I started my working life at Rolls-Royce plc before leaping into FMCG consultancy.
The immediate difference was the systems, processes and software used to provide in-depth understanding of the production and life-cycle (that were critical to the success) didn’t exist in the FMCG space, simply because they were hugely expensive and complex tools.
Four years later, the paradigm has shifted and the digital revolution is upon our sector. Advances in data availability mean that we must be smarter in using it to our benefit, and advances in computing power mean we can do this cost effectively.
“A digital twin is a virtual representation of a product, part, system, process or network that allows you to see how it will perform, sometimes even before it exists.”
Studies have shown that human computing power using more than four variables is only as accurate as chance, yet in many businesses today we leave complex, multi-variable decisions to people, usually because we struggle to replicate real world complexity in computer models.
However, with enhanced computing power the best digital twins use stochastic modelling, which essentially allows performance of all elements of the model to work based on probability, accurately predicting scenarios where specific events vary from actual performance. These digital twins will not only model scenarios but will determine the risk and probability of success based on replicating the future 100,000 times over (or however many times you need to feel confident).
A tool this powerful can unlock significant benefit within your supply chain and can be used in many different forms, depending on the level of adoption. In its most basic form, a digital twin can be used to improve decision making capability within a business to test scenarios, for example, instantly identifying the optimum production sequence following a critical failure to protect customer service or cost.
Using actual performance data it will consider the full complexity of your factory or supply chain to determine the optimum solution to meet desired outcome. This could offer benefits in product costings, both present and future, not only accurately determining the cost of the new product and how it should be scheduled, but mapping the impact to other products commonly missed.
Gone are capital expenditures or investments that don’t deliver, as you use your digital twin to see how changes in assets, suppliers, customers or sites affect the overall network before agreeing to these changes. This allows businesses to gain confidence in security of supply and true costs through ‘what if’ analysis.
To unlock the true capability of a digital twin, a business should integrate its power into their planning cycle, using the twin to schedule and sequence production throughout the supply chain. A digital twin is designed to compliment existing supply chain software, such as ERP and MES systems which are embedded in the infrastructure. This creates a critical link between the two, without the need for vast amounts of Excel sheets.

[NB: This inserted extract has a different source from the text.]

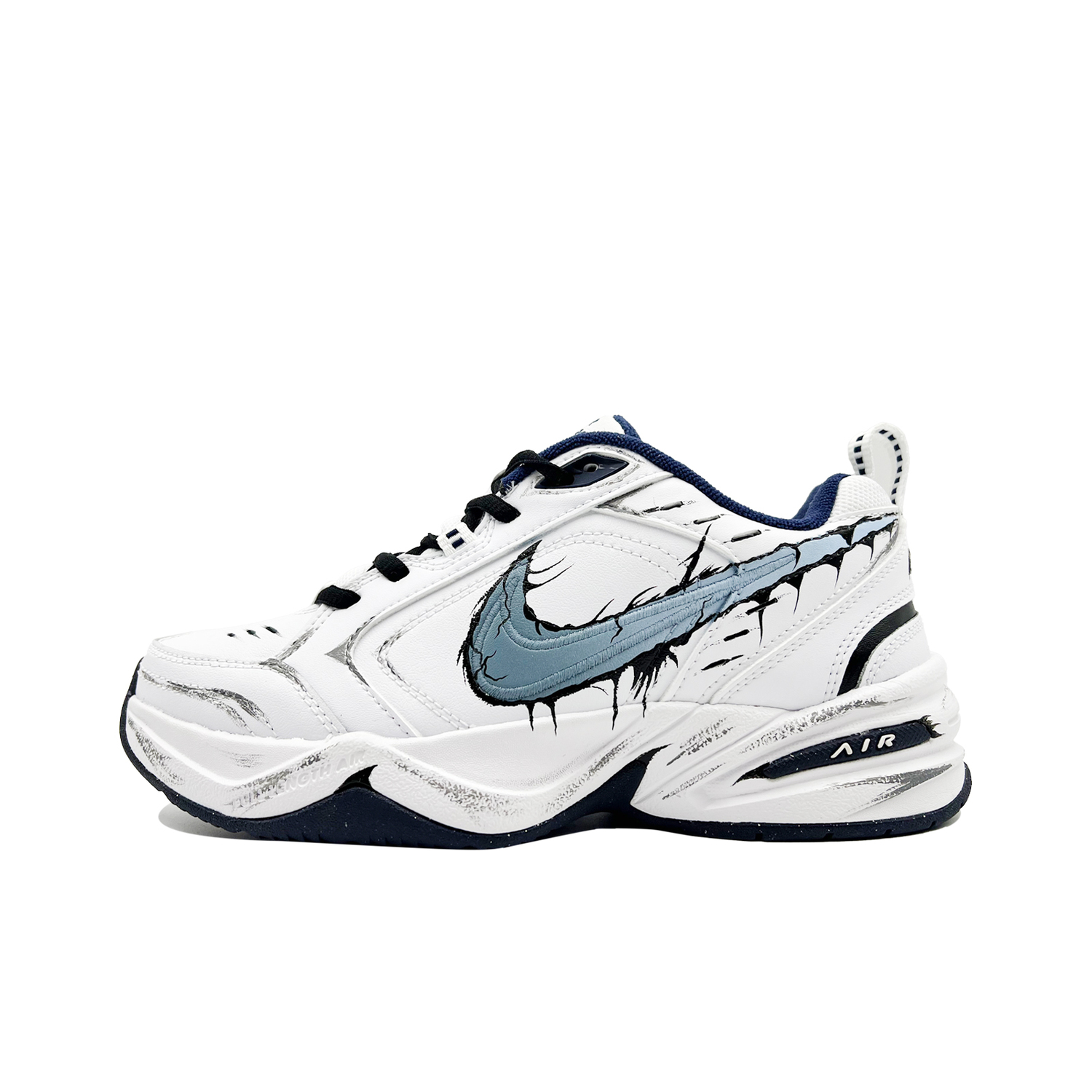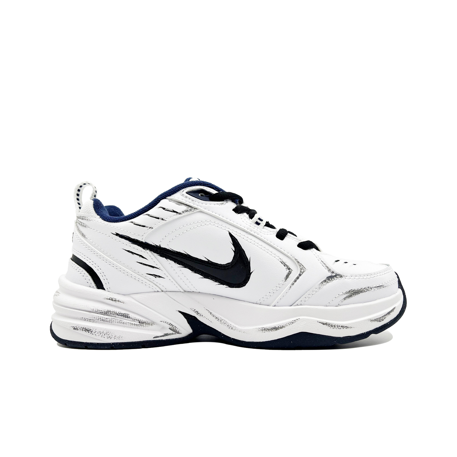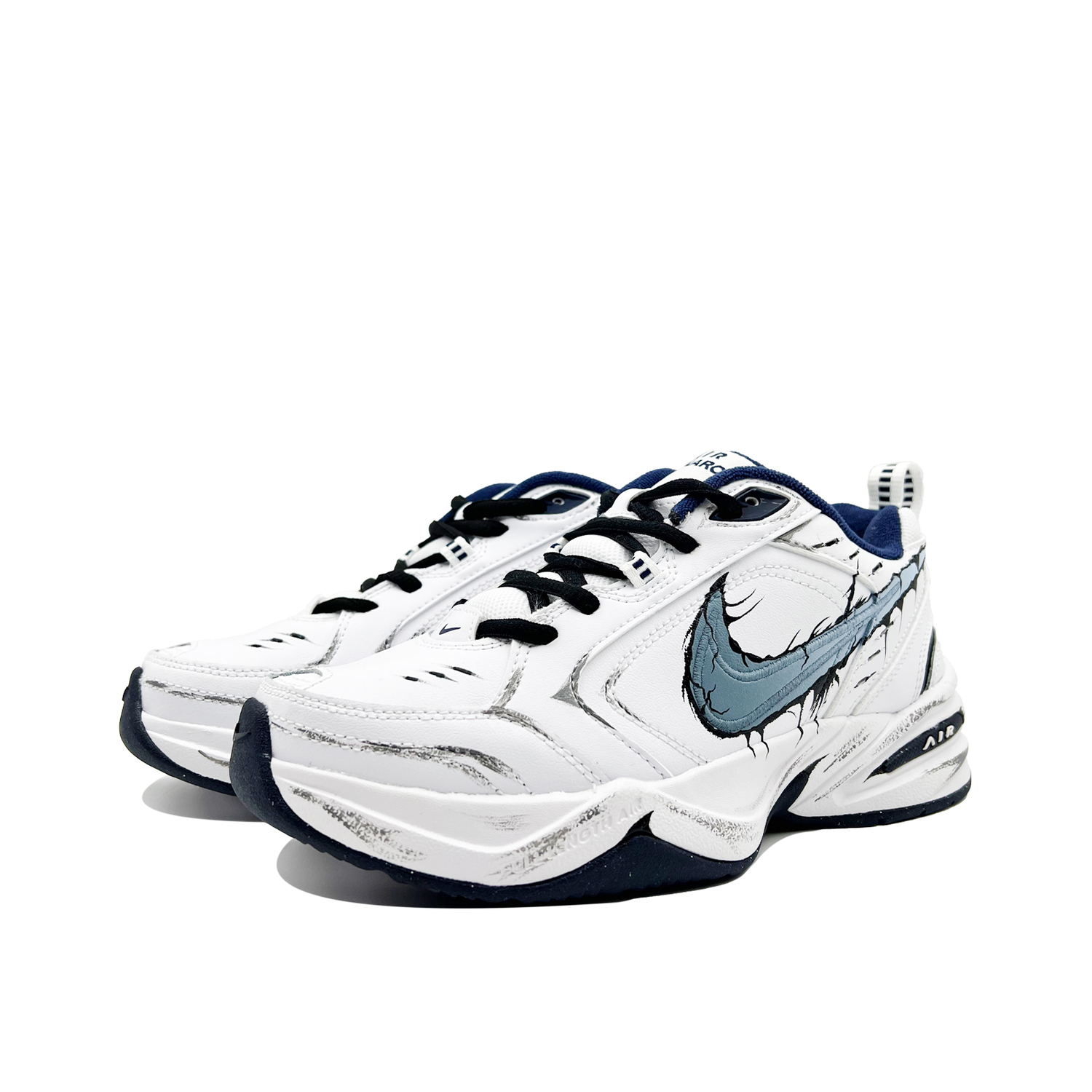 Эти кастомные кроссовки созданы на основе Nike Air Monarch 4. Для создания индивидуального дизайна используется процесс окрашивания и чистки, вдохновленный взрывной и агрессивной эстетикой переплетенного белого, синего и черного.

When effectively employed, a digital twin can align and optimise multiple schedules inclusive of underlying variation, adding optimisation and risk analysis. It can offer real time allocation and rescheduling of shared resources across the entire value chain (e.g. labor, machines, tooling, jigs, forklifts, AGVs, etc.) It can reschedule a complex, multi facility value chain inclusive of multiple distribution networks all with real world variability and constraints, in mere minutes. In essence, a digital twin will exponentially increase responsiveness to a fluid operational environment keeping a business well ahead of its customers and competitors.
So why now? Hasn’t this type of product been around before?

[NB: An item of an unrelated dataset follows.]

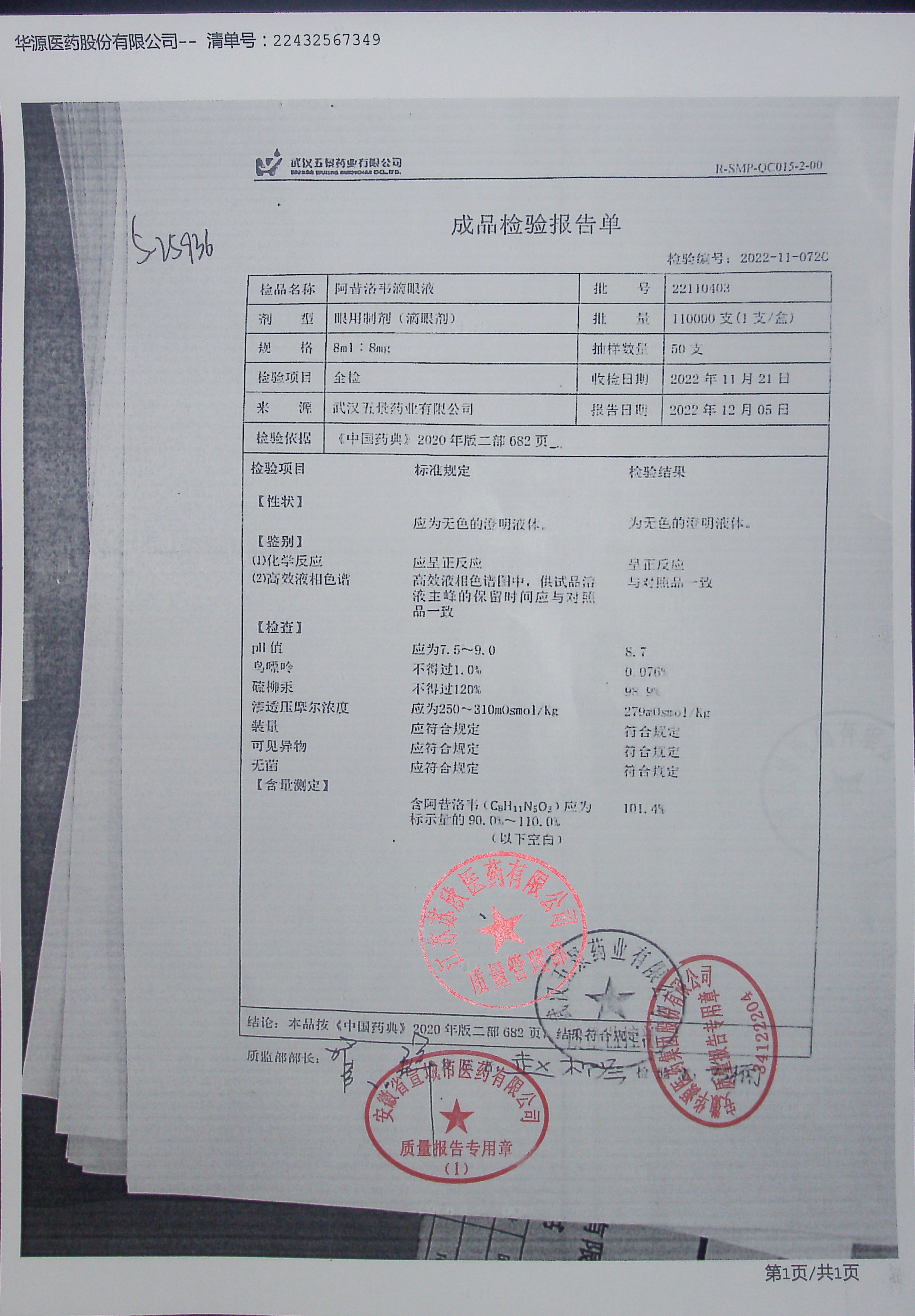 阿昔洛韦滴眼液22110403

Linear simulation software has been available for over 30 years, the key difference today is the simplicity of the solutions available and their ability to replicate variability or ambiguity. What this essentially means, is you don’t need a team of programmers; software such as Simio uses simple object-based modelling which can be tailored at all levels of complexity to accurately represent the most complex supply chain.

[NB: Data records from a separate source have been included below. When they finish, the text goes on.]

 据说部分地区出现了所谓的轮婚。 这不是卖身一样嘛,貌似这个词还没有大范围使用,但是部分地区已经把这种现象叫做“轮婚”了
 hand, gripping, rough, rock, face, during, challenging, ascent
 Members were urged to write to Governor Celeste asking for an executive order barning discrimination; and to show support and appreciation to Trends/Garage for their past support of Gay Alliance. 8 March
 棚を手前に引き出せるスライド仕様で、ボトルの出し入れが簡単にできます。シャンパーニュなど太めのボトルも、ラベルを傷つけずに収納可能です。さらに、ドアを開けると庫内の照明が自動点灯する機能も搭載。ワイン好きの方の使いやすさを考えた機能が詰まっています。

The beauty of using object-based modelling, is once you have built a model, e.g. a factory floor, this can be imported into your network model as an object without the need for a new model to be created. In essence, it is closer to the real world, maintainable and at an investment cost that is affordable space for the sector.
How do I go about this in my business?
It is worth remembering the philosophy in the Tech world of startups; think big, start small and fail fast. In other words, take your vision, complete small trials to prove concept, and accept that identifying something does not work can be just as valuable as the opposite.
In making the model, it is critical to understand the level of complexity needed for the first decisions you want to make, over time the sophistication and variables can be built upon. You could even connect to the weather forecast or likes on Facebook if that drives your business. We have trained our own digital architects, but more importantly we developed a process to align processes and systems, building complexity with capability and ensuring we do not build a White elephant.
Oliver North, Head of Technology at Pollen Consulting Group.